7. July 20, 2014: There is a distinct issue here….That “P-values overstate the evidence against the null” is often stated as an uncontroversial “given”. In calling it a “fallacy”, I was being provocative. However, in dubbing it a fallacy, some people assumed I was referring to one or another well-known fallacies, leading them to guess I was referring to the fallacy of confusing P(E|H) with P(H|E)—what some call the “prosecutor’s fallacy”. I wasn’t. Nor are Berger and Sellke committing a simple blunder of transposing conditionals. If they were, Casella and Berger would scarcely have needed to write their reply to point this out. So how shall we state the basis for the familiar criticism that P-values overstate evidence against (a null)? I take it that the criticism goes something like this:
The problem with using a P-value to assess evidence against a given null hypothesis H0 is that it tends to be smaller, even much smaller, than an apparently plausible posterior assessment of H0, given data x (especially as n increases). The mismatch is avoided with a suitably tiny P-value, and that’s why many recommend this tactic. [iv] Yet I say the correct answer to the question in my (new) title is: “fallacious”. It’s one of those criticisms that have not been thought through carefully, but rather repeated based on some well-known articles.
[i] We assume the P-values are “audited”, that they are not merely “nominal”, but are “actual” P-values. Selection effects, cherry-picking and other biases would alter the error probing capacity of the tests, and thus the purported P-value would fail the audit.
[ii] Note too that the comparative assessment will vary depending on the “catchall”.
[iii] See for example:
Section 6.1 “fallacies of rejection“.
Slide #8 of Spanos lecture in our seminar Phil 6334.
[iv] So we can also put aside for the moment the issue of P-values not being conditional probabilities to begin with. We can also (I hope) distinguish another related issue, which requires a distinct post: using ratios of frequentist error probabilities, e.g., type 1 errors and power, to form a kind of “likelihood ratio” in a screening computation.
References (minimalist) A number of additional links are given in comments to my previous post
Berger, J. O. and Sellke, T. (1987). “Testing a point null hypothesis: The irreconcilability of p values and evidence,” (with discussion). J. Amer. Statist. Assoc. 82: 112–139.
Casella G. and Berger, R.. (1987). “Reconciling Bayesian and Frequentist Evidence in the One-sided Testing Problem,” (with discussion). J. Amer. Statist. Assoc. 82 106–111, 123–139.
To respond to the last comment from the previous post, someone named vl claimed: “When most non-statisticians think about frequentist guarantees what they really care about is given a decision rule (for what to believe), how often is my decision correct, how often is it wrong?”

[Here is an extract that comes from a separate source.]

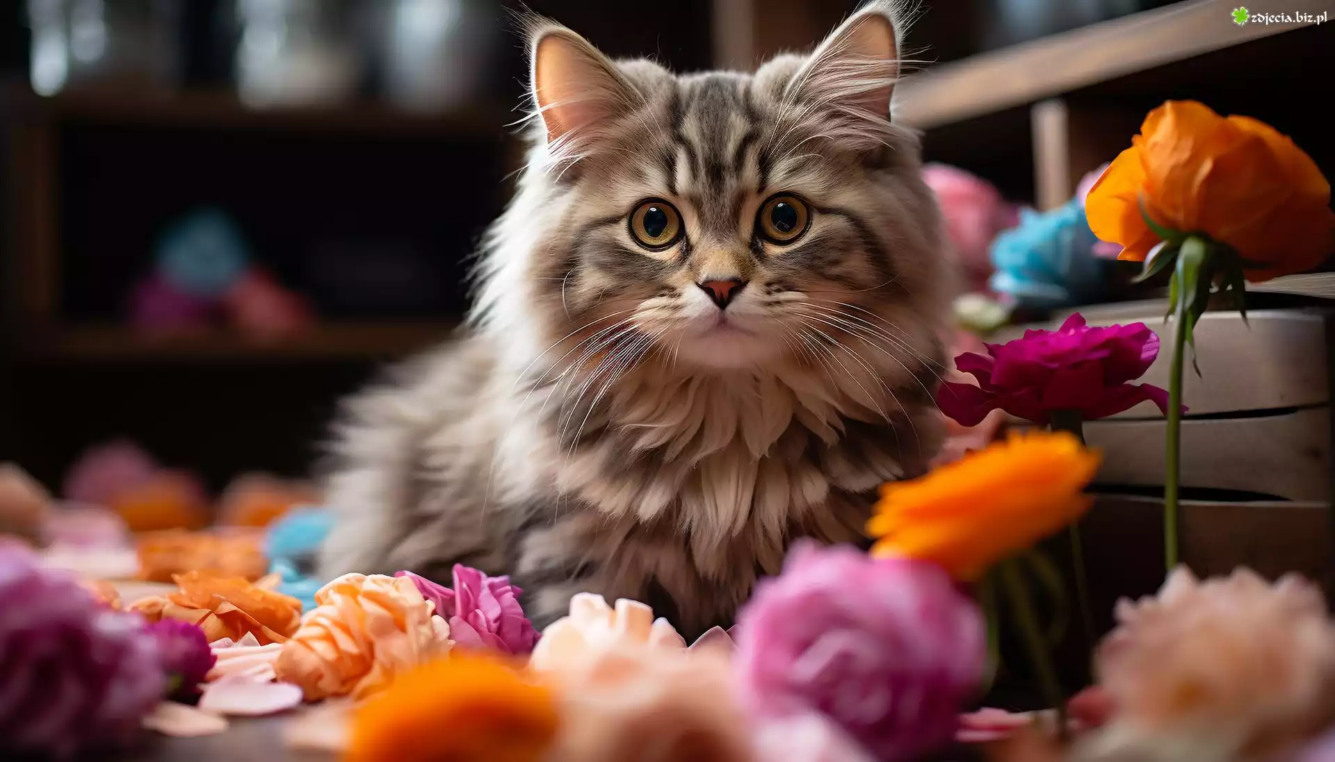 Zdjęcie Puszysty, Kot, Kolorowe, Kwiaty

Perhaps this kind of “performance” goal is in sync with the way frequentist “decision rules” are often presented, unfortunately. I think that what most people care about, if they aren’t trying to frame their data problem in terms of some formal statistical technique, isn’t that at all. It’s more like, what have I learned from the data about the particular problem at hand? What would be warranted to infer, and what unwarranted?